When people who read magazines read an article in a magazine, I don’t imagine they know how much the writer was paid. As consumers, we aren’t responsible for what workers make; market competition and minimum wage laws take care of that. So, as long as we pay for our purchases and we pay our taxes, we’ve done our part. We assume there’s some rationale to the pricing of labor, with industries coalescing around sensible rates that increase over time according to inflation and productivity.
But labor markets don’t always work much like that, and if anyone should know, it’s a freelance writer.
Freelance writers have long tolerated a wide range of rates. Nearly a century ago, a writer named Ring Lardner declared that he would “rather write for the New Yorker at five cents a word than for Cosmopolitan at one dollar a word.” It’s hard to think of another profession in which pay for comparable work can vary so much from assignment to assignment.
One of the benefits to freelancing is that writers can place value on rewards other than money — like being part of a hip new project, like the 1924 New Yorker. But the downsides are many, and as a result, most pros today find themselves still answering the same spiritual question Lardner did, but for a whole lot less cash.

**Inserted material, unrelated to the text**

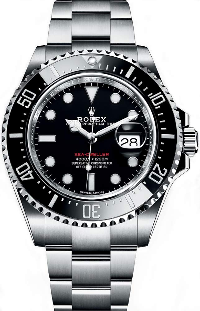 Black dial. Silver-tone stainless steel case with a silver-tone stainless steel rolex oyster band. Automatic movement. 1200 meters / 4000 feet water resistance. Uni-directional Rotating bezel. Oysterlock clasp. Case size 43 mm. Rolex 126600 Oyster Perpetual Sea-Dweller Watch.

Freelance writers have no collective with which to bargain, they are not subject to minimum wage laws, and their pay fluctuates all the time. For those reasons, it’s hard to keep track of the averages (and few organizations are compelled to try). But back in 2001, the National Writers Union published a report on pay rates for freelance writers. The report figured that to earn the median wage for college grads — $50,000 per year — writers needed to pitch, sell, report, write, edit, publish, and be paid an average of $1 per word for 3,000 to 5,000 words a month. (That’s the length of this article.) Adjusted for inflation, that’s about $1.40 per word today.
Most freelance writers didn’t hit those numbers then, and they don’t hit those numbers today. Based on my reporting, my own experience, and interviews with more than a dozen writers, the current median price for a freelancer’s work is between 25 and 50 cents per word (though, to be clear, most places no longer pay per word; they pay lump sums that work out to about $500 for a 1,000- to 2,000-word article). Speaking to Black Enterprise, Ben Carruthers, vice president of the Society of American Travel Writers, suggested that a similar $500 rate was standard…in 1977.

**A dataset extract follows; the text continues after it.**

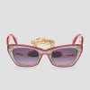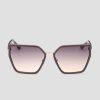 - ένα ζευγάρι πλαστικά γυαλιά ηλίου με γεωμετρικό σχήμα, μεταλλικές λεπτομέρειες στο πλάι και φακούς ombre.

During the past 52 years, a single dollar has lost nearly 87 percent of its value, and so have the words of professional freelance writers. That has meant, unavoidably, a big change in the quality of the job.
It’s hard to understand how it happened. Ring Lardner was an elite writer of his time, but even his charity rate doesn’t look bad these days. Adjusted for inflation, that five cents per word is now worth about 70 cents, which is considered a respectable fee at legacy publications and well-funded startups. The $1 per word Lardner got from Cosmo, on the other hand, is worth over $14 now. I’ve spoken with dozens of freelance writers throughout my career and can report that’s more than twice as much as I’ve ever heard of a writer receiving, period. Twelve of Lardner’s stories — let’s call that a year’s worth of work for a feature writer — would earn him $600,000 in 2018.

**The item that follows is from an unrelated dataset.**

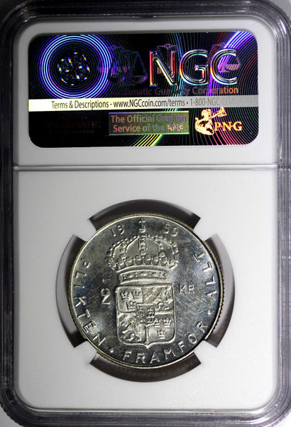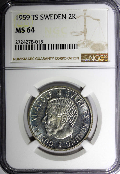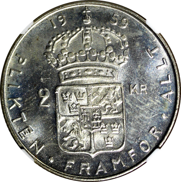 SWEDEN Gustaf VI Silver 1959 TS 2 Kronor NGC MS64 KM# 827 (015)

Either Lardner is the greatest writer of all time by a wide margin or something screwy happened to writer pay over the past century. No offense to Lardner, but evidence suggests it’s the latter.

There are no solid numbers for how many Americans are making these numbers work for them. When I asked a few people who earn a solid upper-middle-class living from freelance writing alone, they estimated only a couple hundred other people in the U.S. were in the same boat—and not one of them makes Lardner money writing for magazines.
As any owner of a taxi medallion can tell you, reducing the value of a product or service can have serious repercussions — for the workers themselves and for the wider society they help comprise. When it comes to freelance writing, I fear that low prices have already begun to cost us. Talented writers walk away from the industry, plutocrats are free to pick stories and choose writers even when they don’t own the outlets, and the quality of the work declines. All of that looks to worsen over time.